According to Dr. Curry-statements, Winchell’s “Keeping yourself busy is essential! Both taking a stroll around your neighborhood and going to the gym can help you reduce your chance of getting heart disease by bringing your cholesterol and blood pressure down to healthier levels.”

Dr. Stahl adds, “A lifestyle that is healthy for the heart should include plenty of physical activity. It is suggested that at least 150 minutes of exercise per week be performed at a moderate intensity and that at least 75 minutes of exercise per week be performed at a vigorous intensity.”

woman eating pizza in bed
Shutterstock / Doucefleur

According to what Dr. Curry-Winchell has told us, “Your diet can benefit greatly from the addition of foods that are excellent for your heart, such as beans, berries, and a significant quantity of green leafy vegetables. They all include antioxidants and vitamin K, which help defend against inflammation and lower your blood pressure. Inflammation, high blood pressure, and developing heart disease are all variables that contribute to the development of heart disease.”

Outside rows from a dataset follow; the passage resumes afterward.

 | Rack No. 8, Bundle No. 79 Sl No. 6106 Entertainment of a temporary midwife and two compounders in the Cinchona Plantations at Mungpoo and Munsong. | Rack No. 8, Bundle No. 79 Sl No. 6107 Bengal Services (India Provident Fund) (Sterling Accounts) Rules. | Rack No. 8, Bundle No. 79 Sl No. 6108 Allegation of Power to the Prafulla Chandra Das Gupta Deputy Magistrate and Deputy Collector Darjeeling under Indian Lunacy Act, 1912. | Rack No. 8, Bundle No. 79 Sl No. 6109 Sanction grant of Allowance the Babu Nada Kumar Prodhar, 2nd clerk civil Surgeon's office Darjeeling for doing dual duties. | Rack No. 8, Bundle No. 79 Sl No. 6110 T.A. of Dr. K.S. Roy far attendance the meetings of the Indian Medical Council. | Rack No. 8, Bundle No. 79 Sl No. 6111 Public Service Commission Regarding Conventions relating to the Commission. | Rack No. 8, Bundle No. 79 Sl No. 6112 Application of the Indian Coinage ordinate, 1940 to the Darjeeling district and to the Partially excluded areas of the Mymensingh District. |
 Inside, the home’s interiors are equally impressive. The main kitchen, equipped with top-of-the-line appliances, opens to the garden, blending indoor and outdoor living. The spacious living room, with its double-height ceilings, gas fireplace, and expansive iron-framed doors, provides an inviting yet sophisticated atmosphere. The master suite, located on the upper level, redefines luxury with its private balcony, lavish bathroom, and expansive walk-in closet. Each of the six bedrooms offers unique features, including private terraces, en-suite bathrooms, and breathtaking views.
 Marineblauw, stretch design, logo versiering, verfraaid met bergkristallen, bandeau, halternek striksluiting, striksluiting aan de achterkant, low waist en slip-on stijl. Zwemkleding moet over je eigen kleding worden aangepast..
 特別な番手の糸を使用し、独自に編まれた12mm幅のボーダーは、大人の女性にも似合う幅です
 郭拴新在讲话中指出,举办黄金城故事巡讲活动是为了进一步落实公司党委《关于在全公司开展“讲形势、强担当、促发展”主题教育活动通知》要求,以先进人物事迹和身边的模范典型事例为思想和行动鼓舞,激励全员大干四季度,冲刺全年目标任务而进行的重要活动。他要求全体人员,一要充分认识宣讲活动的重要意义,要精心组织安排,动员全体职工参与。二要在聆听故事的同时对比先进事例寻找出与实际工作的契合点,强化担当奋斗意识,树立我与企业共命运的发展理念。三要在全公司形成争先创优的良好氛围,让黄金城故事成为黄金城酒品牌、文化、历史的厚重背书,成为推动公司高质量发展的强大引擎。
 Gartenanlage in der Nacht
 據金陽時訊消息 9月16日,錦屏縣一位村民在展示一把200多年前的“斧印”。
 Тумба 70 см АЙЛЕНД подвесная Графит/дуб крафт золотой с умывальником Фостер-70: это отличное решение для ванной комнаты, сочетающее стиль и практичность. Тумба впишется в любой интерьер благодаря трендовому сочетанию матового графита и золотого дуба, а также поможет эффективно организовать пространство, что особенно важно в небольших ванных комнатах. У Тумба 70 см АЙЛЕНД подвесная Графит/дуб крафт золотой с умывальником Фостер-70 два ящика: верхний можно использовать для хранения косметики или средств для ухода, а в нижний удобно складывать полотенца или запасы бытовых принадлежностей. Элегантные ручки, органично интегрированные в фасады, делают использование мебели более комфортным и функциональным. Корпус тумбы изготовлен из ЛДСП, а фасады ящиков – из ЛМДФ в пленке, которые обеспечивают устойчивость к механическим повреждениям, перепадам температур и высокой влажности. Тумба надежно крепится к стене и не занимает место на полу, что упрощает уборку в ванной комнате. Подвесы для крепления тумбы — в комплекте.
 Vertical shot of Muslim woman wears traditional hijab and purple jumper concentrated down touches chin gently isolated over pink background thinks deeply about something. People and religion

It has been said by Dr. Stahl that “Maintaining a heart-healthy lifestyle by adhering to the principles of the Mediterranean diet provides a great basis. This eating plan emphasizes plant-based proteins, fish, and lean animal proteins in addition to vegetables, fruits, whole grains, legumes, and nuts. Olive oil ought to be the predominant source of fat in this recipe. Foods that are heavy in sodium, added sugars, saturated fats, and trans fats are the kind of foods that should be avoided.”

overweight woman at home lying on the floor, laptop in front of her, prepared to work out on mat according to video

Dr. Stahl notes, “The benefits to one’s cardiovascular health of keeping a healthy weight are numerous. If you are overweight or obese, losing even a little amount of weight can help lessen your risk of getting cardiovascular disease, high blood pressure, and diabetes. Establish a few manageable objectives, such as improving your diet and getting more exercise.”


Award-winning blogger Rabiya Basri uses emojis to help categorize the sections of her interest and inspirational thoughts writer.